Microsoft nurtures a culture and creates incentives that encourage employee giving and volunteering, but the process is organic, says Akhtar.  “We provide the framework [Microsoft runs a large database of activities and opportunities that all employees can access] and employees decide how they want to engage.”  The $17 per hour match motivates employees to come back and report their work, which Akhtar and his team can then track.

Each October, when Microsoft runs its employee giving campaign, staff and organizations canvas for support on campus. Competitions, speakers and auctions help to engage employees in new organizations and spur donations, but it’s primarily employee-run. Microsoft provides access, incentives and encouragement, and employees leverage this as they want.

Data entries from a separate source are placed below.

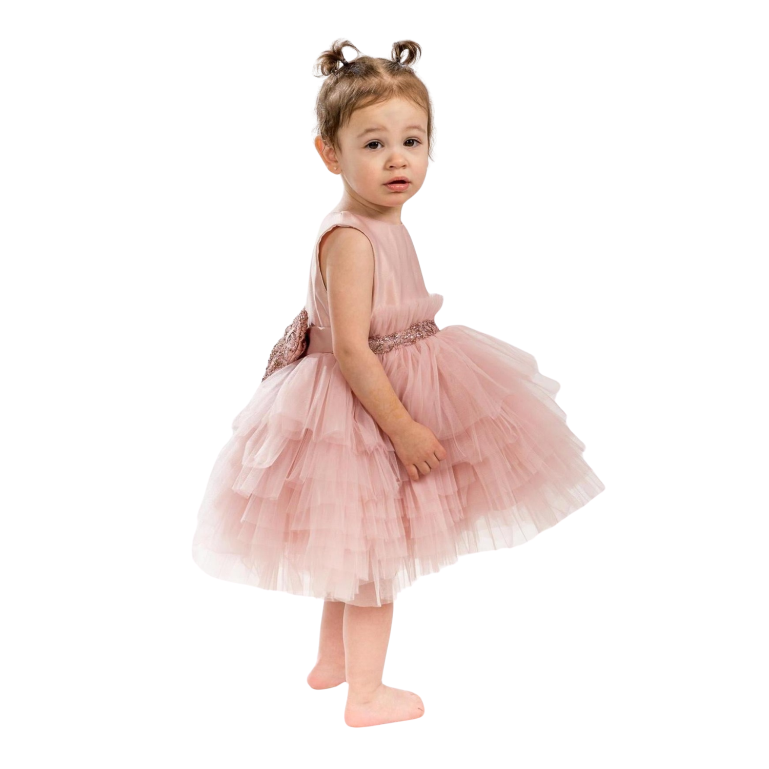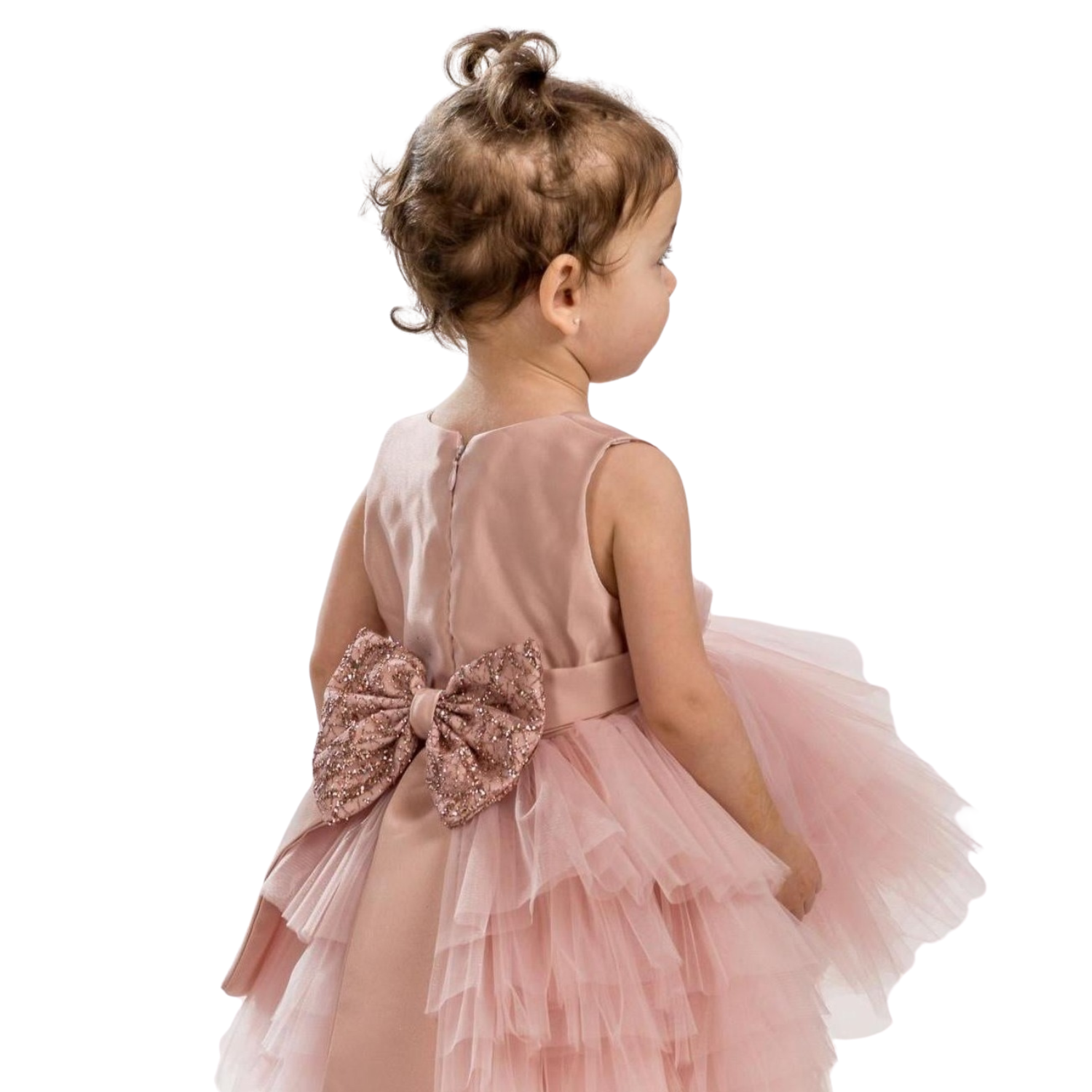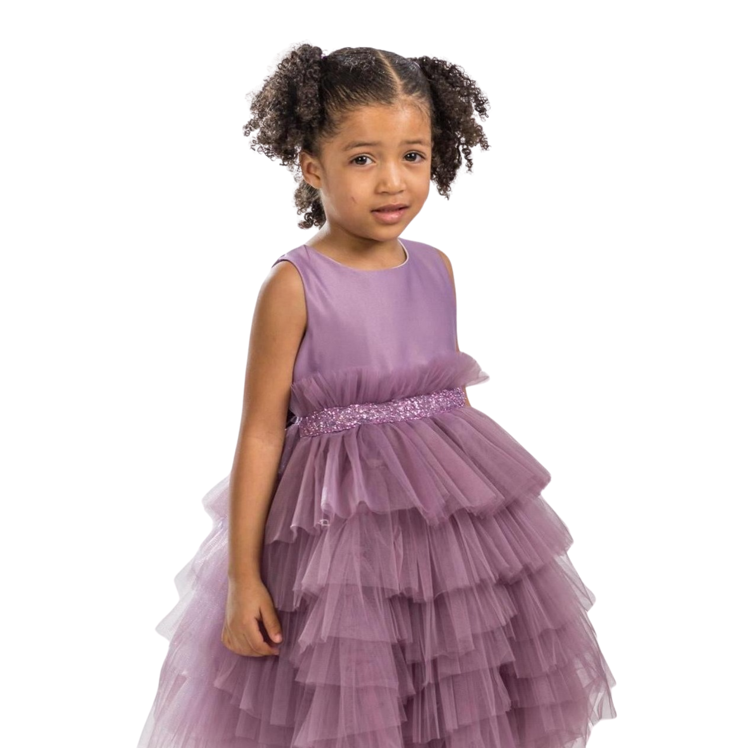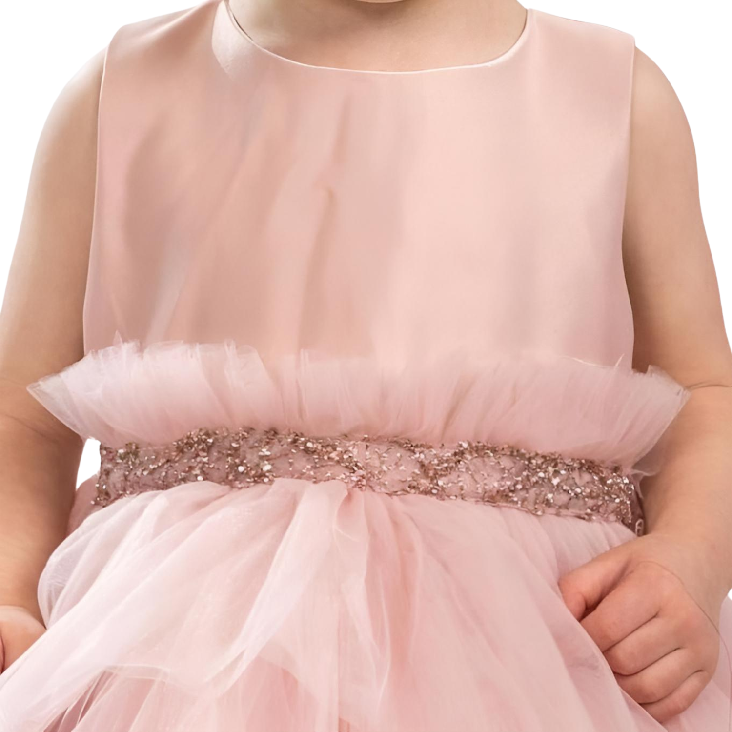 Superbe robe de princesse avec un bas en tulle très bouffant, une bordure en strass sur la taille et un très gros nœud au dos. Un création exclusive signée JuniorKids!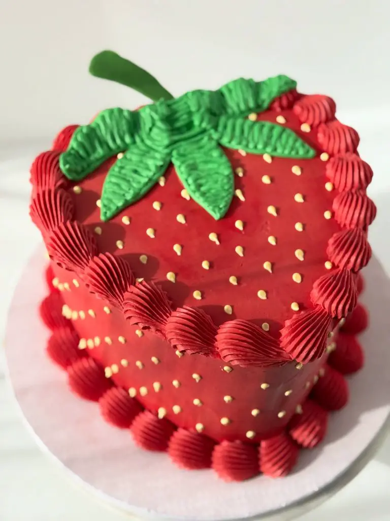 This cake feels calm and deliberate. The berries sit confidently on top, while the cream base stays quiet underneath. It looks composed, though the texture keeps it from feeling stiff.
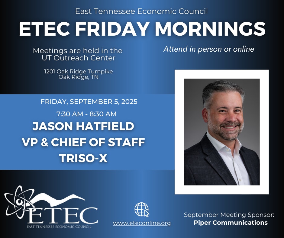 Join us at ETEC in-person or virtually on Friday, September 5, 2025, at 7:30am to hear from Jason Hatfield, Vice President & Chief of Staff at Triso-X. His bio is below.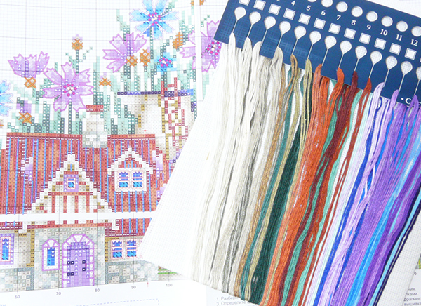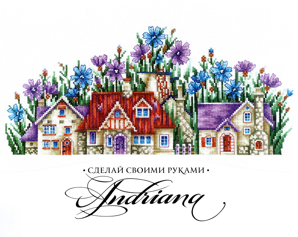 コーンフラワー(ヤグルマギク)が咲き乱れる可愛い街並みのクロスステッチキットです!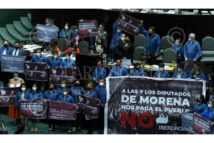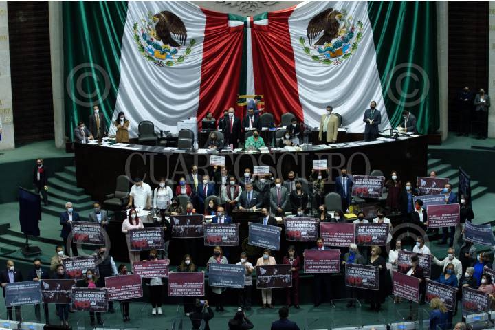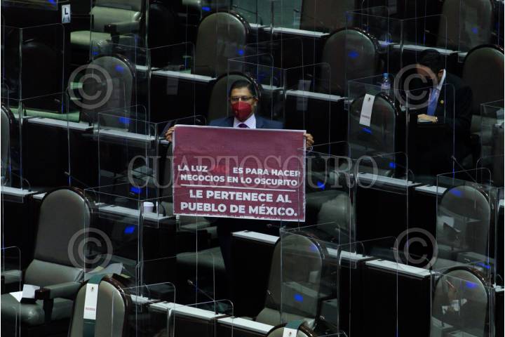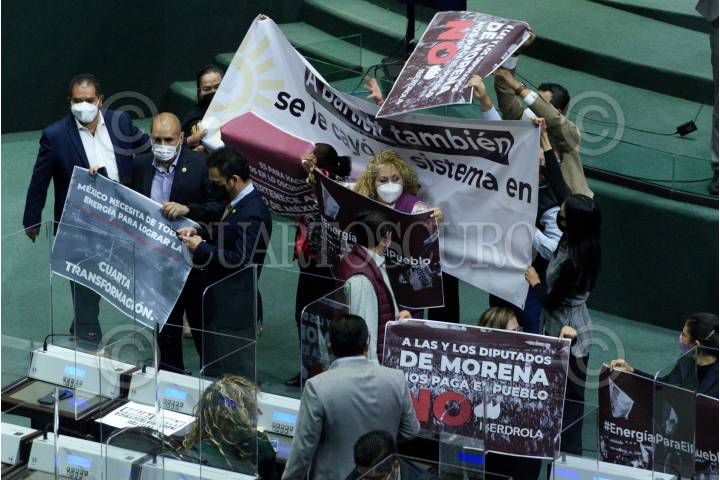 Integrantes del grupo parlamentario de Morena evitan que sea visible la pancarta del PRD en contra de la reforma a la Ley de la Industria Eléctrica que se discute en la sesión ordinaria de la Cámara de Diputados.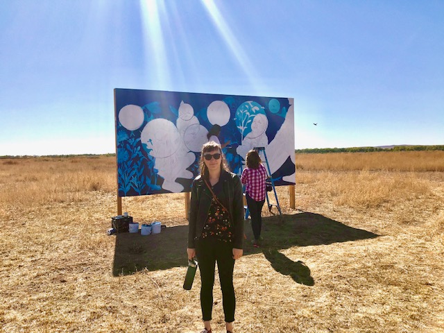 Five women—all muralists—decode the geography and paint portraits of the land and people, part of the reconstitution of Valle de Oro. We’re told it’s the first of its kind, conservation and construction holding hands in fellowship. One artist tells of the plan: particulars of how the land will move, the forest extended, and the soil will smile. Five Sandhill crane nibble the ground. One muralist, Jessica Chao, is giddy. Chao hosts round sunglasses on her face, and wears paint-splattered clothes. This is her first mural. She pulls up her Toyota to support her paints, a truck-easel. Chao renders trees on the wooden billboard, a pink and purple sky, offering a unique view of place. “What an honor! I’m so thankful to be a part of it,” she tells us, smiling beneath the sun.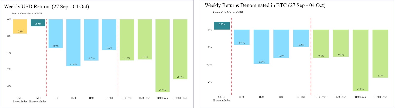 على الرغم من تأثر العملات المشفرة الرئيسية نظرًا لارتباطها ، إلا أن أصول Bletchley 10 الرقمية كانت الأقل تأثرًا بخسائر هذا الأسبوع. في حين أن الأصول الأكثر تضررا كانت من مؤشر Bletchley 20 الذي شهد خسارة 1.4٪. بعد أصول B20 ، كانت أصول B40 تسجل انخفاضًا في قيمتها بنسبة 1.2٪.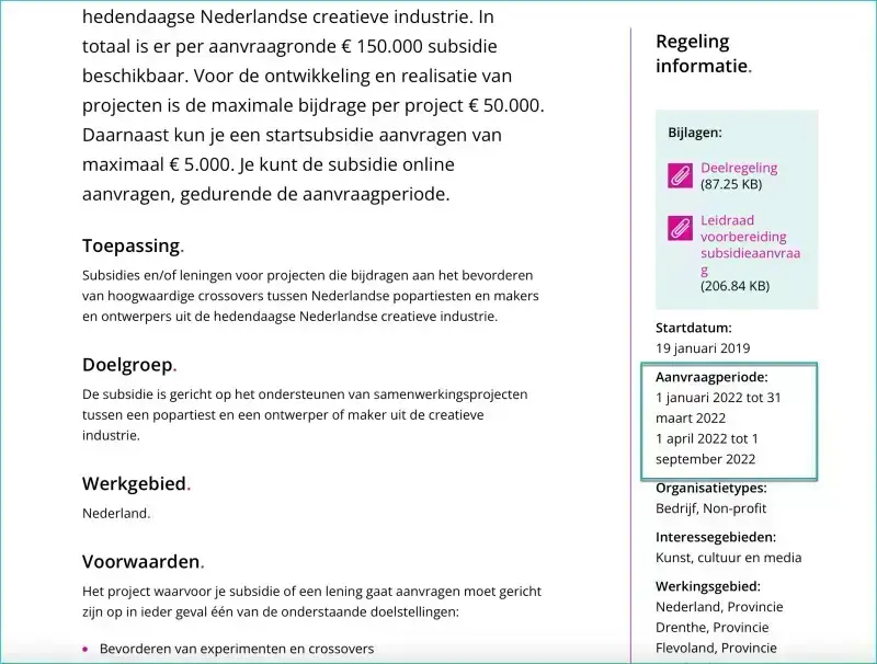 - Kijk dus goed na of de regelingen die voor jou interessant zijn een aanvraagperiode hebben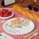 Ces assiettes mariages romantiques inspirées de la chute arborent une aquarelle d'un parc. Des arbres dorés avec des feuilles en chute créent un auvent sur un banc confortable du parc et un lampadaire. Des feuilles colorés sont nichés sous les arbres, créant une scène d'automne parfaite.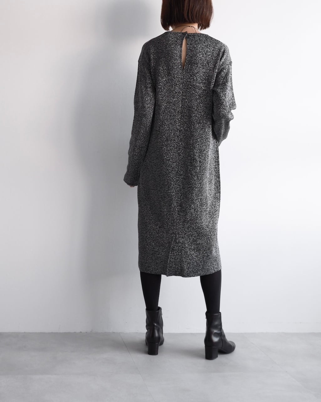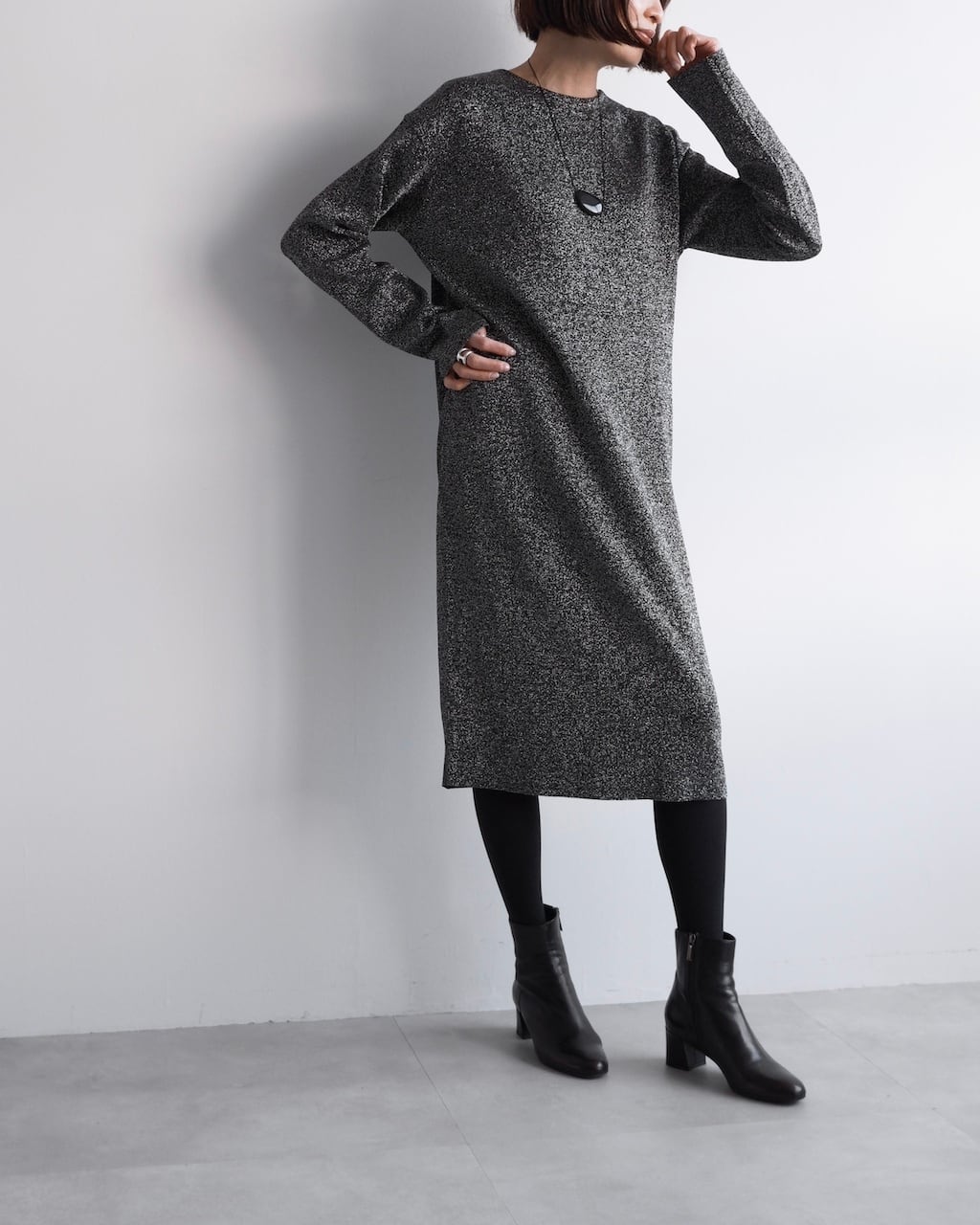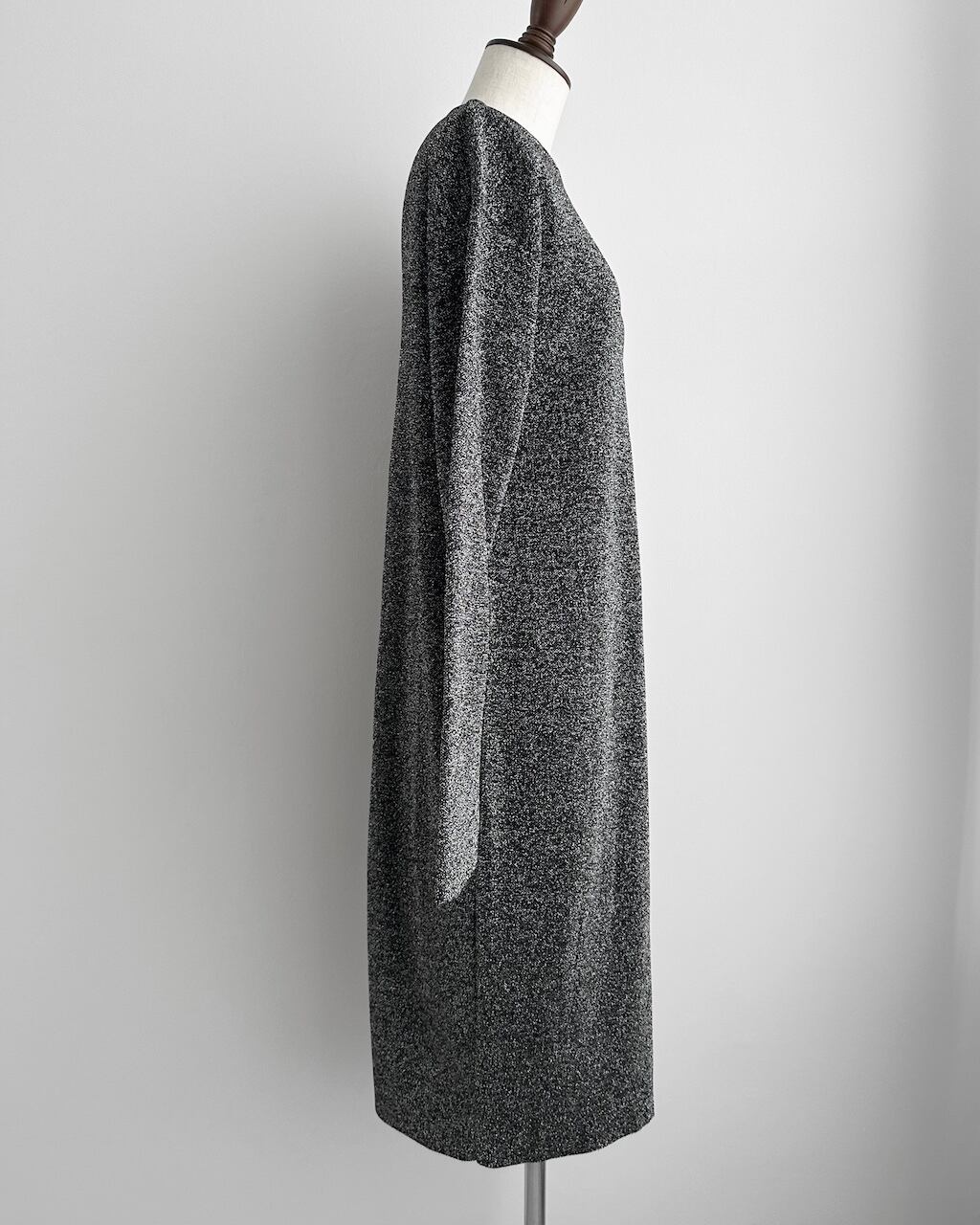 ブラックをベースに、光を受けてさりげなくきらめくテクスチャーが、シンプルなシルエットに奥行きを与えます。

When I admitted that the organic nature of this program countered my perception of Microsoft as a supremely structured company, Akhtar said that the type of structure depends on a company’s overarching culture. It works for Microsoft because “we have role models here. We create an atmosphere where people feel they can do this type of thing and make a difference.”

Akhtar shared the following strategies that companies (perhaps with fewer resources) can apply:

  1. Match your work to your DNA. For Microsoft, it’s using technology to bring about social change.
  2. Start small and focus on one thing. “There’s nothing like success to help drive you.”
  3. Look for ways to affect genuine change in the community, but do it with your core competencies.